I don't have any insight into the processes involved, this is just my
observation on many occasions...
> -----Original Message-----
> From: Nicolas Huillard [SMTP:nhuillard@ghs.fr]
> Sent: Friday, June 02, 2000 5:13 AM
> To: 'Mihai Gheorghiu'; pgsql-interfaces@postgresql.org
> Subject: [INTERFACES] RE: ODBC driver
>
> The best way to see how it works is to look at the query log in the
> postgres back-end. My bet is that Access will send select/where-clauses
> and so on to the back-end, for each table, and then do it's join locally,
> on the subset of the data.
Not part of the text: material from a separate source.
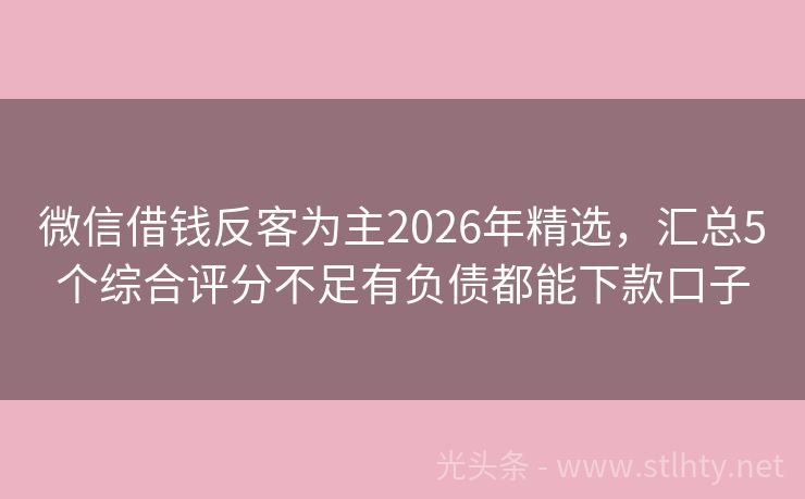 微信借钱反客为主2026年精选,汇总5个综合评分不足有负债都能下款口子 “在如今快节奏的生活中,借钱已经成为不少人的应急之需,面对市面上琳琅满目的借钱平台,哪个比较好呢?就让我来为大家详细介绍一下五个备受好评的微信借钱反客为主,帮助大家找到最适合自己的借款渠道。” 2026年的微信借钱反客为主有:现金分期宝、现金易融宝贷、月月盈贷、易贷宝速贷、钱速借宝等。 一、现金分期...

Maybe it can work even smarter...
>
> Nicolas Huillard
>
> -----Message d'origine-----
> De: Mihai Gheorghiu [SMTP:tanhq@bigplanet.com]
> Date: jeudi 1 juin 2000 23:49
> À: pgsql-interfaces@postgresql.org
> Objet: ODBC driver
>
> A previous message mentioned that MSAccess performs a join locally when
> accessing a postgres database via the ODBC drivers (link files).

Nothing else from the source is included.